### [Task prompt]
From the line that contains "Mk 14 Torpedo" down to the last line of the data below, restate every line word for word, skipping any images.

---*---

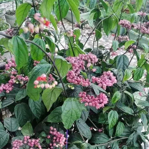 该种为美丽的观赏植物,开花时深红色的花冠由白色的萼内伸出,状如吐珠。 花形奇特、开花繁茂,其花皆属苞片组成的棱形花萼,像一个个奶白色的“杨桃仔”,在它尖端的裂口间,吐出五根绛红的花儿,疏密匀称地布满在叶片之上,如同把蕴藏生命之火的红珠,吐完一颗又一颗。一般盆栽因受剪枝的限制,植株长得很矮。主要用于温室栽培观赏,可做花架,也有作盆栽点缀窗台和夏季小庭院,与供公园或旅游基地砌作花篮、拱门、凉亭和各种图案等造型,为游客增添雅兴。
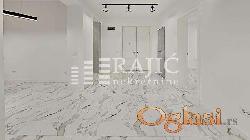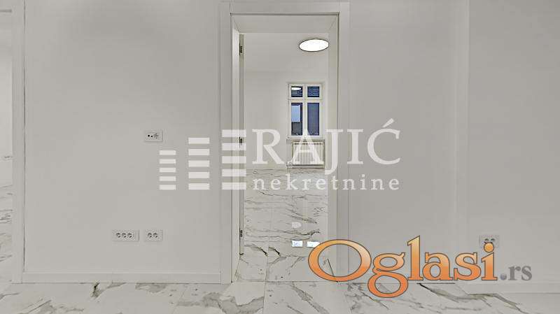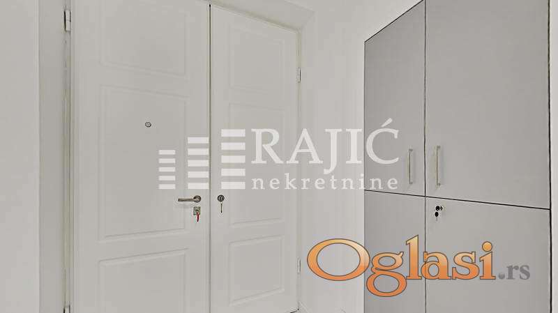 Prostorije: prijemni deo čini otvoreni prostor sa uvučenom kuhinjom, dve kancelarije su odvojene i kupatilo.
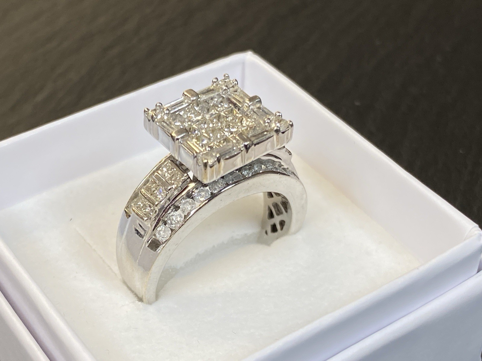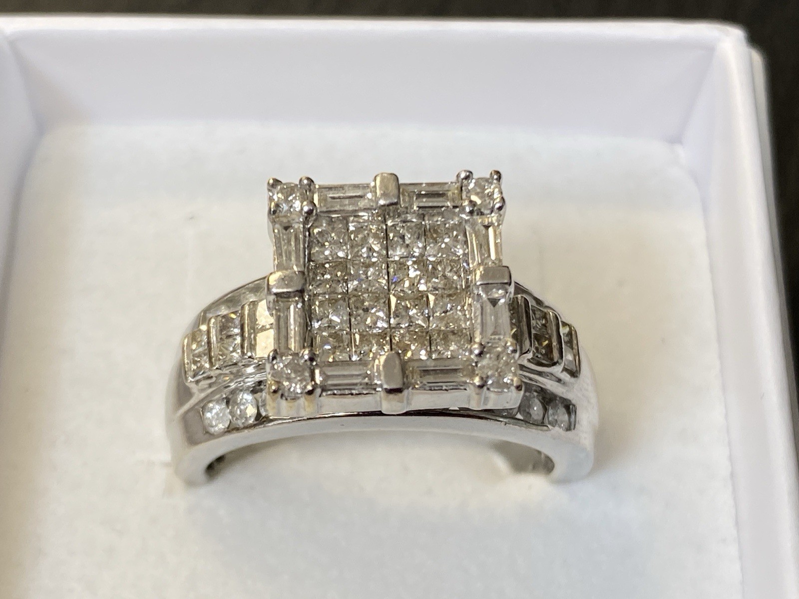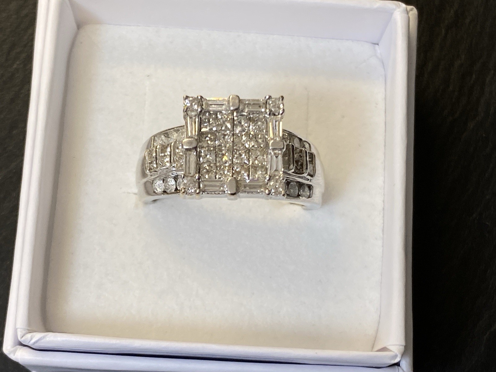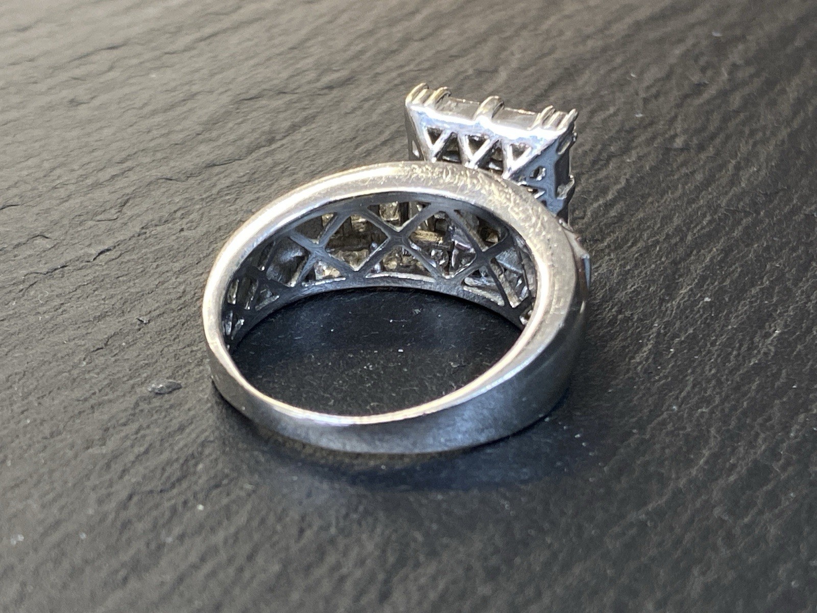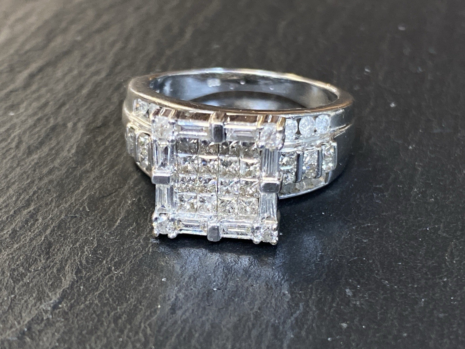 Herausragender Ring aus Weissgold, punziert 585. Diamantbesatz von ca. 1,94 ct. in SI/P1, Farbe F. Gesamtgewicht 9,29g. Kopfbreite 12x12mm, Kopfhöhe 12mm. Schienenbreite oben/unten 9/2,5mm. Alle Angaben soweit Sie in der Fassung messbar sind. Die Lieferung erfolgt mit personalisierter Rechnung, ohne Zertifikat.
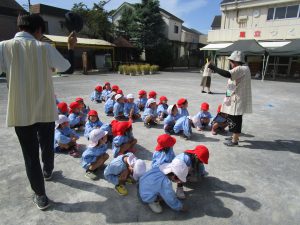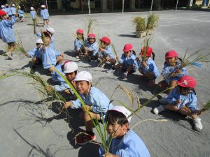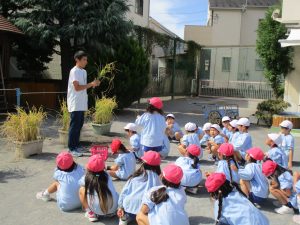 朝礼で園長先生にお話をしていただきました。天地の恵みと人々の働きがあって、お米は成長します。
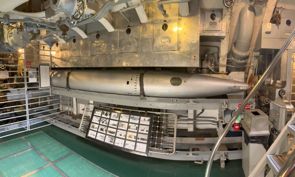 Mk 14 Torpedo in a Rack, Forward Torpedo Room, U.S.S. Drum
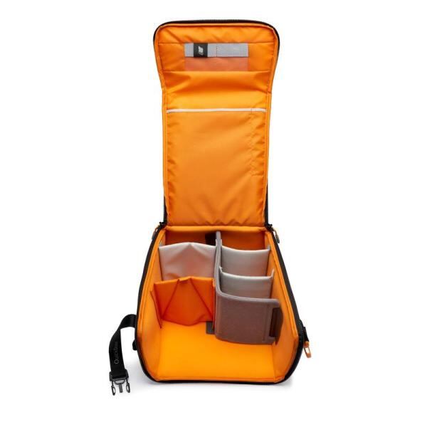 【QuickDoorで素早く機材にアクセス】バッグの中に入れた状態で簡単に機材の取り出しが可能。QuickDoorロックストラップを閉めれば不用意に開くことを防げる。

---*---

### [Response area]
 Mk 14 Torpedo in a Rack, Forward Torpedo Room, U.S.S. Drum
 【QuickDoorで素早く機材にアクセス】バッグの中に入れた状態で簡単に機材の取り出しが可能。QuickDoorロックストラップを閉めれば不用意に開くことを防げる。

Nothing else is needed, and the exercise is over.